Malcolm Tait is Professor of Planning at the University of Sheffield. His research interests align around understanding the politics of planning. He is particularly interested in the ways that knowledge is valued and used in planning, and the ways in which professionals operate. He has recently led projects funded by NERC, ESRC, and AHRC, including the ESRC-funded Working in the Public Interest project that explored the role of professionals in the contemporary planning systems of the UK. More recently, his focus has shifted towards the ecological and biodiversity crises and the role that planning systems play in both exacerbating and addressing them.
Kiera Chapman holds an independent postdoctoral research fellowship in the English Faculty and Oxford Health Biomedical Research Centre at Oxford University. She works at the interface of social science and arts and humanities, and is particularly interested in the way that shifting aesthetic ideas of natural beauty have changed the historical relationship between grey and green spaces in cities. In this project, she will be exploring the ways in which current and emerging policy to protect biodiversity are reshaping the places where we live, to the exclusion of alternative visions of nature. She is a popular nature writer and author of Nature’s Calendar: the British Year in 72 Seasons (Granta, 2023), with a second commercial book on ritual customs out soon.
Rob Davies, Post-doctoral Researcher, School of Biosciences, University of Sheffield
Rob Davies is a postdoctoral research associate at the University of Sheffield. His research focuses on improving understanding of how biodiversity is structured across space and time and assessing ways to effectively conserve this biodiversity. His PhD research focussed on improving understanding of the ecological processes that maintain and differentiate the biodiversity of southern African savannas and identifying conservation actions in savanna landscapes. In this project, he will quantify the impacts of different planning policy regimes on outcomes for nature, assessing changes in habitat area and modelling subsequent effects on bird community composition.
Karl Evans is a Senior Lecturer in Conservation Biology. His research focuses on biodiversity responses to environmental change, and how negative impacts of human activity can be minimised through conservation interventions and policy. Urbanisation is one of the key themes running through this research. Whilst trained as an ecologist his research is increasingly multi-disciplinary, drawing on social science methods, and combining large scale approaches with intensive fieldwork at more local scales. Publications are available here.
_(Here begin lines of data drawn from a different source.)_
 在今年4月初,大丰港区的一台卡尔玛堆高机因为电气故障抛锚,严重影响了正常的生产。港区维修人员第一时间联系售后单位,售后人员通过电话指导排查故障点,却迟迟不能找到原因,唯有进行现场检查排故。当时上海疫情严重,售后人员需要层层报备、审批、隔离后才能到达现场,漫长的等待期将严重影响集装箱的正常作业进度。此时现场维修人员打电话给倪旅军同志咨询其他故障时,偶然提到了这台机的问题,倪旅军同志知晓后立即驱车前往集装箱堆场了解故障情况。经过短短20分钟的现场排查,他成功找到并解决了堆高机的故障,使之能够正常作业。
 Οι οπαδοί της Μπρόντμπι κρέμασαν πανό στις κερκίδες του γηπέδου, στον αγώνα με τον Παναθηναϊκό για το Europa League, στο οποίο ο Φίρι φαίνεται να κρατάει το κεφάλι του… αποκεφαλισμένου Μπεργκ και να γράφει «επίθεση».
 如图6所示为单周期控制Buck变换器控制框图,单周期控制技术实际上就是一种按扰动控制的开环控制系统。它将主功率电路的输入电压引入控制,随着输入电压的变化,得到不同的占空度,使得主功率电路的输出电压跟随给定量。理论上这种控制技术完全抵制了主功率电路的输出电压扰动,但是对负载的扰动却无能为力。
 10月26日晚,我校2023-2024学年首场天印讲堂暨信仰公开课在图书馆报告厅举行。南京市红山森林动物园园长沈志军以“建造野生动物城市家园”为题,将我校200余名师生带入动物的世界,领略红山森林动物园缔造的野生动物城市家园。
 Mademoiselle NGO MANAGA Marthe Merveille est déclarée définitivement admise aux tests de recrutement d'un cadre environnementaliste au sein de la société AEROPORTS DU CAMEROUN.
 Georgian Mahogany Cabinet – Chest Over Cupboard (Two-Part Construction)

Andy Inch is a Senior Lecturer in the School of Geography and Planning at the University of Sheffield. With previous experience in Portugal and Scotland, his research explores the politics of planning and urban change with a particular focus on the roles of community planning, activism and public participation in imagining and shaping more just and democratic futures. Over recent years he has explored these themes through projects funded by the ESRC, AHRC and EUH2020 programme. He has published widely in leading interdisciplinary journals in planning, urban policy and futures studies. He is an editor of the journal Planning Theory and Practice and sits on the editorial board of Planning Theory.
Andy Lockhart, Post-doctoral Researcher, School of Geography and Planning, University of Sheffield
Andy Lockhart is a postdoctoral research associate in the School of Geography and Planning. He works primarily in human geography and urban studies, and is interested in the politics of crisis through the lens of political economy and political ecology. His work has covered topics from urban transport and infrastructure development to biodiversity and planning to digital and automated/robotic technologies. Andy brings with him in-depth knowledge of biodiversity net gain, having completed his PhD in 2016 on the aborted development of its immediate predecessor in England - biodiversity offsetting - between 2010 and 2015.
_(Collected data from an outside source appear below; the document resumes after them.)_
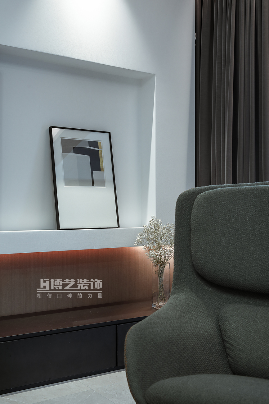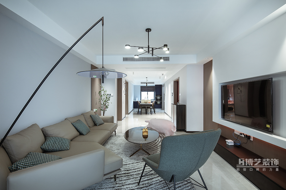 客厅受原始结构的限制,设计师把落座的沙发放置在较宽裕的一面提升舒适感,次卧的门采用隐形门的设计,很大程度上扩大了原本电视背景墙的宽度,色彩上以白色做中色,调和莫兰迪蓝色与棕色的碰撞,丰富空间层次感。
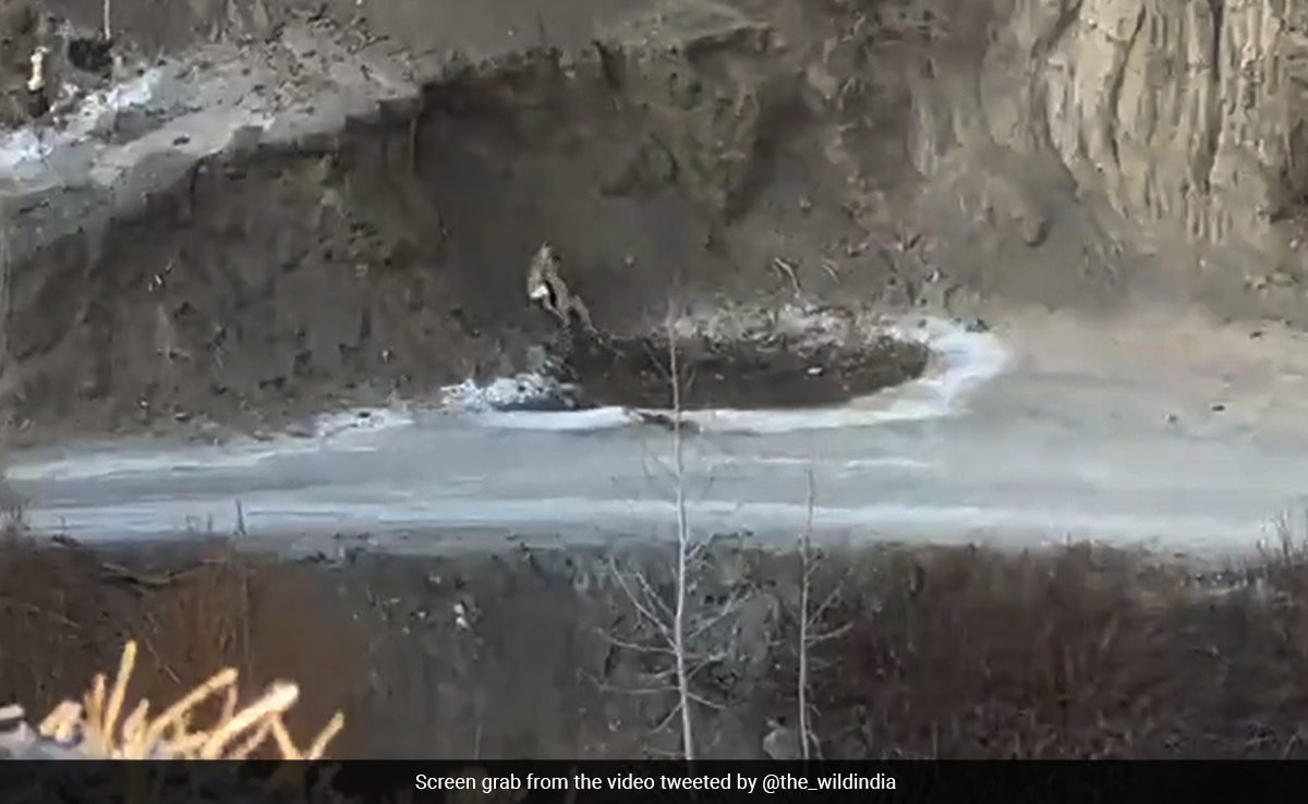 पर्यटकों के एक समूह द्वारा कैद की गई इस क्लिप में हिमाचल प्रदेश की स्पीति घाटी में सड़क पर एक मायावी शिकारी को आराम से टहलते हुए दिखाया गया है.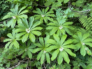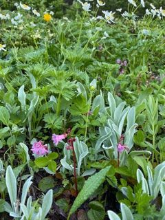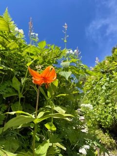 蝶ヶ岳方面に戻り下山開始、テン場のテントは全て撤収されていた。テン場からのガレ場を過ぎ、大滝山分岐までの登山道周辺に咲く花をゆっくりと愛でた。分岐からの下山は速い。登りに太ももが堪えた階段も下山時は下りやすかった。整備に関わった方々に感謝だ。9:23には駐車場に着いた。第二駐車場を過ぎた辺りで、徒歩での女性2人がいたので声かけしホリデー湯まで乗せ、湯上り後2人を豊科駅まで送った。この日は穂高駅近くのホテルに宿泊し、翌日は6:00にホテルを出た。

Tom Wild is a Lecturer in the School of Architecture & Landscape at the University of Sheffield. He is a landscape ecologist with >25 years’ professional and research experience, including as principal investigator for the H2020 project Conexus and several other interdisciplinary grants. Tom previously held roles as Director in Sheffield City Council, leading the South Yorkshire Forest Partnership, and in environmental planning and protection. With a focus on ecosystem restoration and nature-based solutions, he holds skills in developing international partnerships and delivering collaborative projects, and has worked as an appointed expert with the EC, UNEP, Biodiversa+, and Defra. Tom is a member of the South Yorkshire Mayoral Combined Authority's Advisory Panel for the Local Nature Recovery Strategy. He established the Local Nature Partnership in 2012, chairing its Board until 2015, and was a founder Director of the River Stewardship Company and Don Catchment Rivers Trust. Tom maintains a strong cross-sectoral network of contacts in the not-for-profit, public, research and private sectors.